Nevertheless, in case you lower this threshold to a decrease quantity, the question fails as a result of it reached the preset threshold:
Error logging
With the introduction of the brand new user-defined information dealing with characteristic, we additionally launched the brand new view svl_spectrum_scan_error
, which lets you view a helpful pattern set of the logs of errors. The desk accommodates the question, file, row, column, error code, dealing with motion that was utilized, in addition to the unique worth and the modified (ensuing) worth. See the next code:
Clear up
To keep away from incurring future fees, full the next steps:
- Delete the Amazon Redshift cluster created for this demonstration. When you had been utilizing an current cluster, drop the created exterior desk and exterior schema.
- Delete the S3 bucket.
- Delete the AWS Glue Knowledge Catalog database.
Conclusion
On this put up, we demonstrated Redshift Spectrum’s newly added characteristic of user-defined information error dealing with and confirmed how this characteristic gives the pliability to take a user-defined strategy to take care of information exceptions in processing exterior information. We additionally demonstrated how the logging enhancements present transparency on the errors encountered in exterior information processing without having to jot down extra customized code.
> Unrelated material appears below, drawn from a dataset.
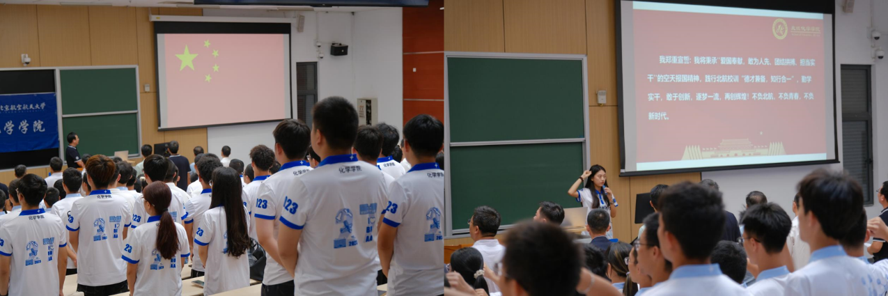 大会在庄严的国歌声中拉开了帷幕。齐唱雄壮的国歌后,集体观看《今日北航久久精品网》,该视频生动形象地展现了久久精品网的发展历程以及昂扬向上的精神风貌。随后,由久久精品网教师代表李景老师、学生代表李超、丁索琪、盛昱皓、丁乙、崔雪纯同学依次发言。均讲述了对化学的热爱和追求以及对新生活的期待,展现了化院人有梦想、有勇气、有决心、有毅力的昂扬精神。在崔雪纯同学的领誓下,全体新生庄严宣誓,不负北航,不负青春,不负新时代!

We look ahead to listening to from you about your expertise. When you’ve got questions or solutions, please go away a remark.
Concerning the Authors
Ahmed Shehata is a Knowledge Warehouse Specialist Options Architect with Amazon Internet Companies, based mostly out of Toronto.
Milind Oke is a Knowledge Warehouse Specialist Options Architect based mostly out of New York. He has been constructing information warehouse options for over 15 years and focuses on Amazon Redshift. He’s targeted on serving to clients design and construct enterprise-scale well-architected analytics and choice assist platforms.